** TASK **
Within the lines below, the span from the line with "Pırlanta ve yeşil" to the line with "Короб для хранения", both ends included, is to be reproduced exactly, with pictures omitted.

** DATA RECORDS **
▬▬▬
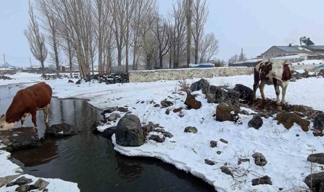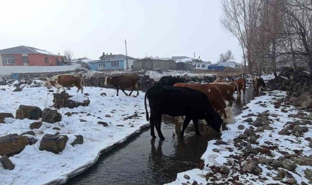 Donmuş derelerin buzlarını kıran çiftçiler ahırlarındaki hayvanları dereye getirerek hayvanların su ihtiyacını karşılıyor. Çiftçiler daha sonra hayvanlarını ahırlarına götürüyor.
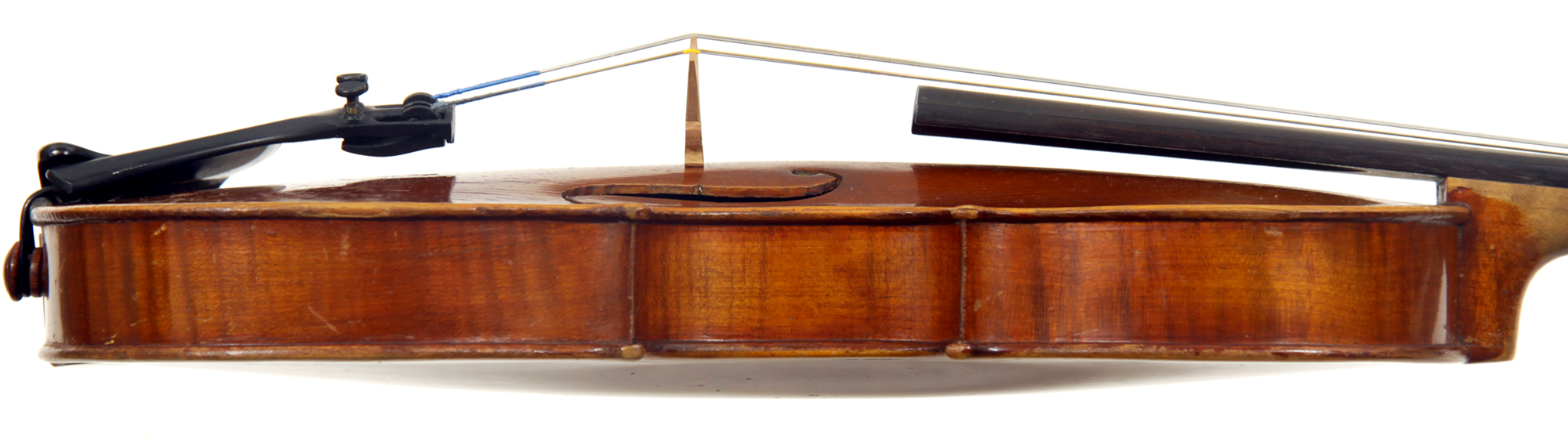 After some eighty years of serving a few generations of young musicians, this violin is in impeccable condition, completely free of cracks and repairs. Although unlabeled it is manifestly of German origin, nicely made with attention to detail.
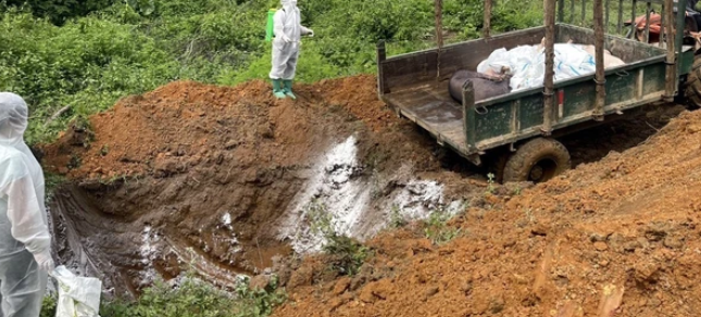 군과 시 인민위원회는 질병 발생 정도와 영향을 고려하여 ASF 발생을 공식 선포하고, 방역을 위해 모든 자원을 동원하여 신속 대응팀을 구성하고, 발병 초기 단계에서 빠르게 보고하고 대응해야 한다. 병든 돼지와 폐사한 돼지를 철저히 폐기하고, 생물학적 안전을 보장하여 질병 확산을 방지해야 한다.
▬▬▬
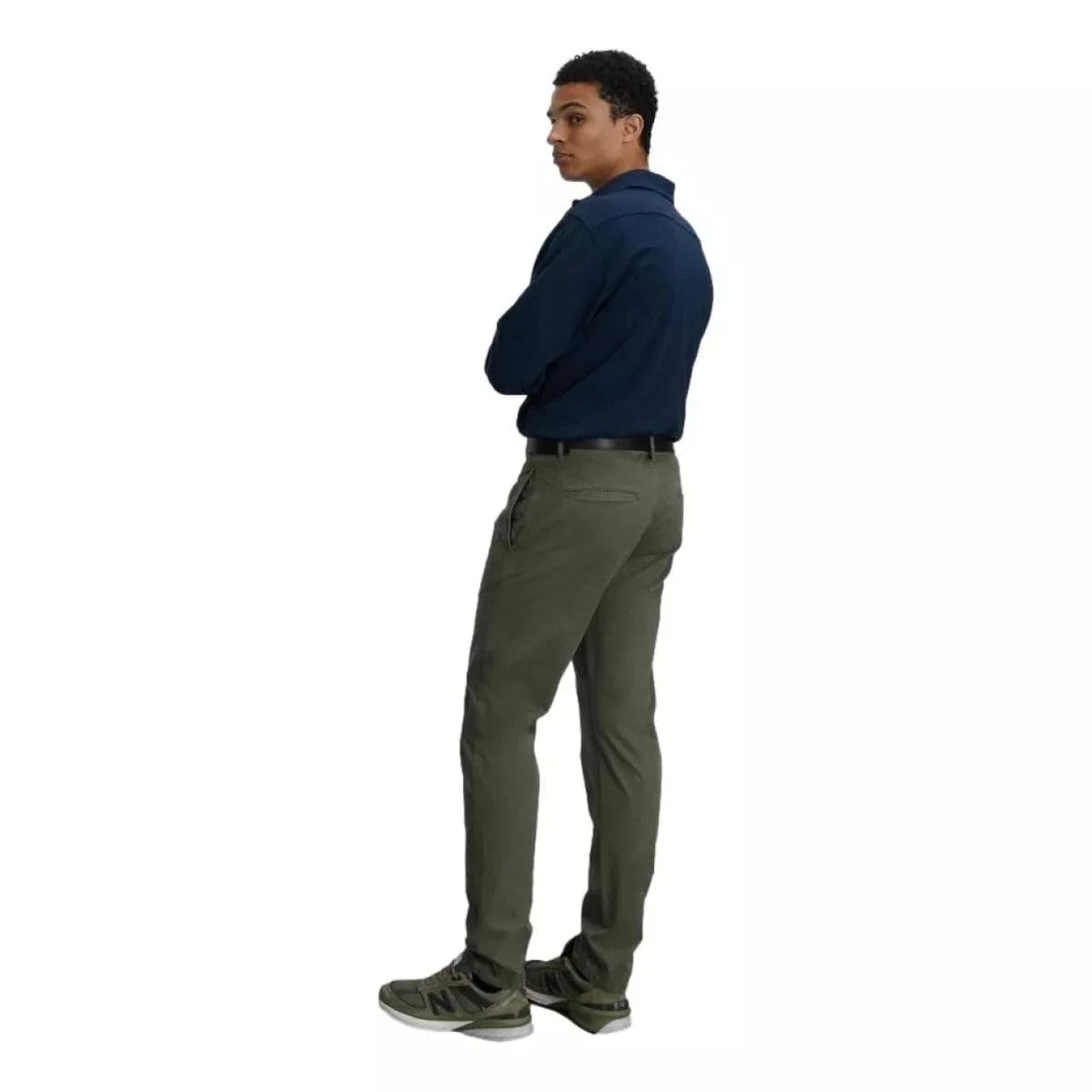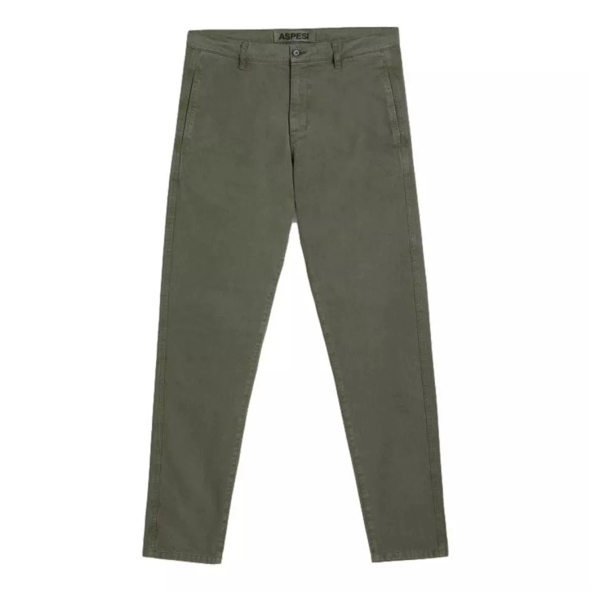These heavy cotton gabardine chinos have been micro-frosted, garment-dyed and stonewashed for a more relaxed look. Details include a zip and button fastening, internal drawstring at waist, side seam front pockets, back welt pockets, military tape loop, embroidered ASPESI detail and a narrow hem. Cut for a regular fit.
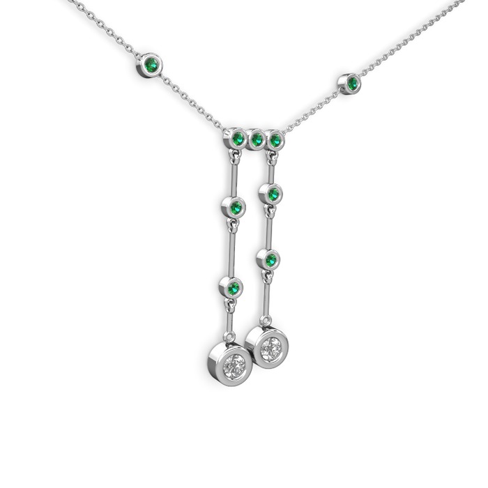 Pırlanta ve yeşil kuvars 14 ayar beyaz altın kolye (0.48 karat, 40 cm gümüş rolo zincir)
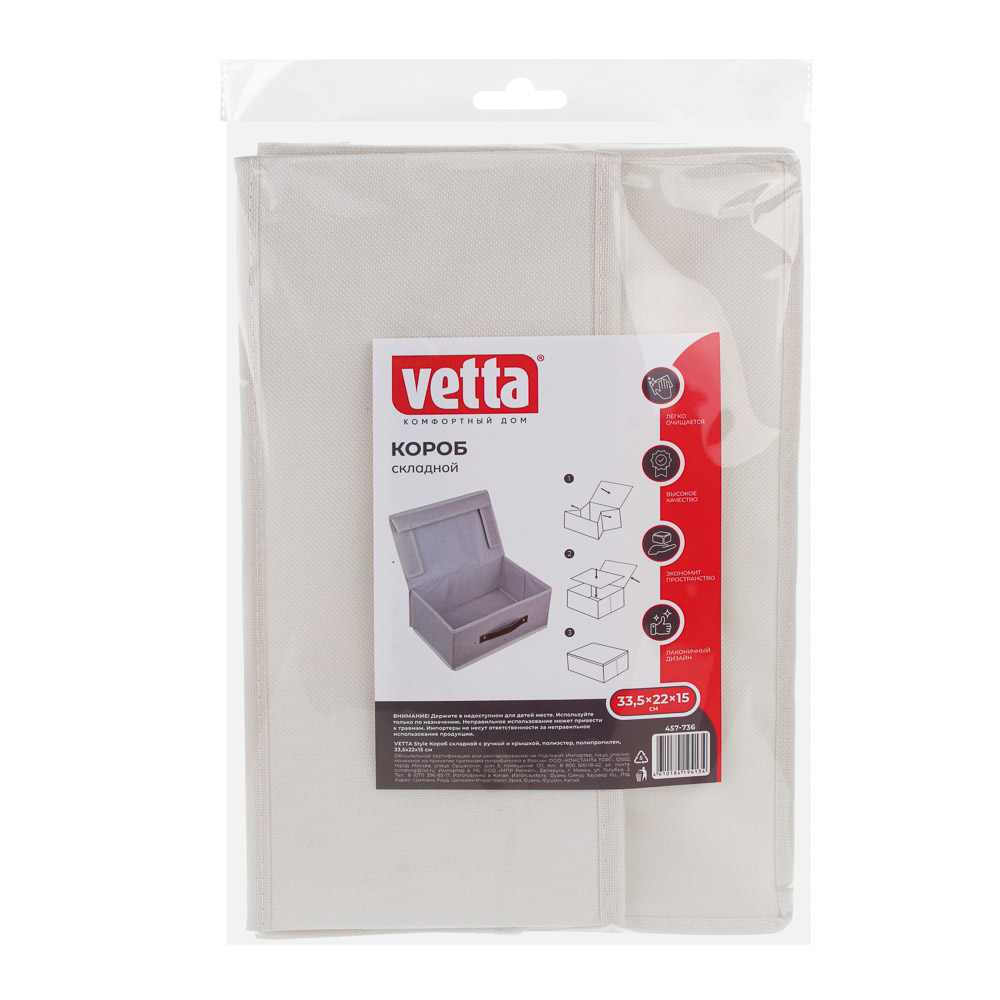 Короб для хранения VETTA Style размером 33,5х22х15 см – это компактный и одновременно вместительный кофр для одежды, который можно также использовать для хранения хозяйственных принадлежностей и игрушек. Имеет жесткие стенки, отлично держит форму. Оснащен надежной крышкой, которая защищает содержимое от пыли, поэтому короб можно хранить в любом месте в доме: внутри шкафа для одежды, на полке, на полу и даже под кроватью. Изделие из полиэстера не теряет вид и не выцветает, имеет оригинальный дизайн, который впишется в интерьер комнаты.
▬▬▬
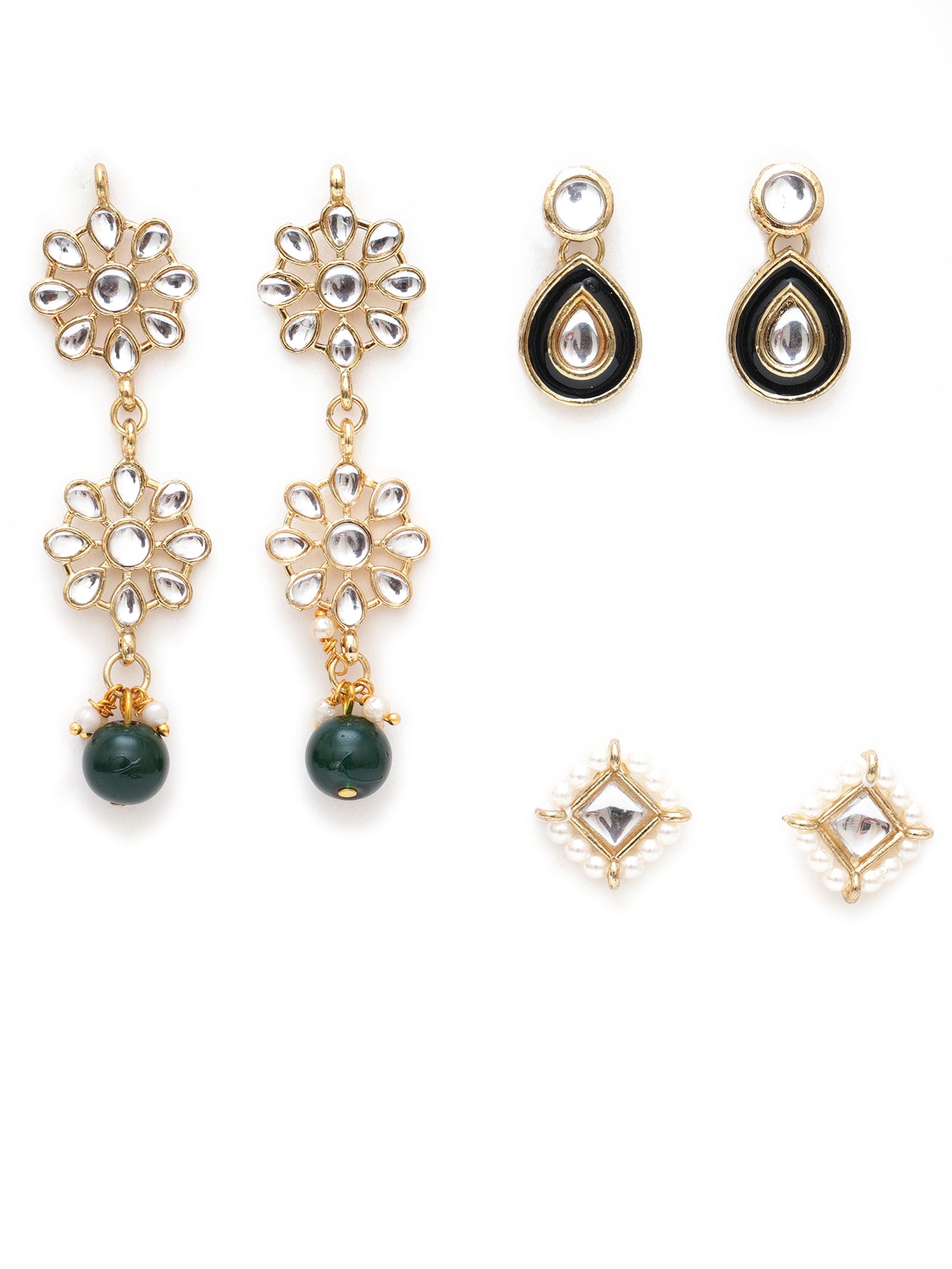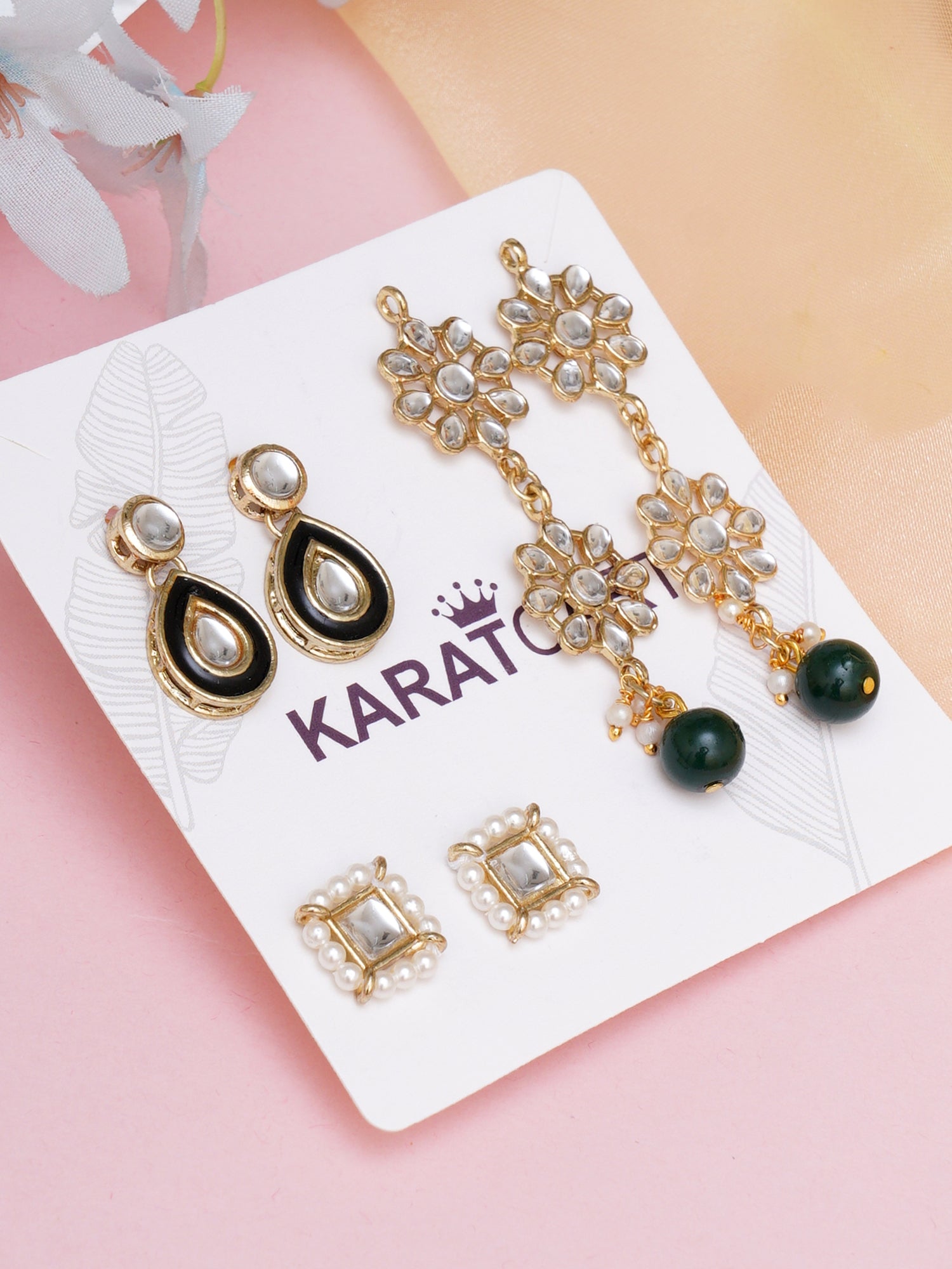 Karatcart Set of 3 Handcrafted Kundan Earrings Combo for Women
▬▬▬
** THE ANSWER **
 Pırlanta ve yeşil kuvars 14 ayar beyaz altın kolye (0.48 karat, 40 cm gümüş rolo zincir)
 Короб для хранения VETTA Style размером 33,5х22х15 см – это компактный и одновременно вместительный кофр для одежды, который можно также использовать для хранения хозяйственных принадлежностей и игрушек. Имеет жесткие стенки, отлично держит форму. Оснащен надежной крышкой, которая защищает содержимое от пыли, поэтому короб можно хранить в любом месте в доме: внутри шкафа для одежды, на полке, на полу и даже под кроватью. Изделие из полиэстера не теряет вид и не выцветает, имеет оригинальный дизайн, который впишется в интерьер комнаты.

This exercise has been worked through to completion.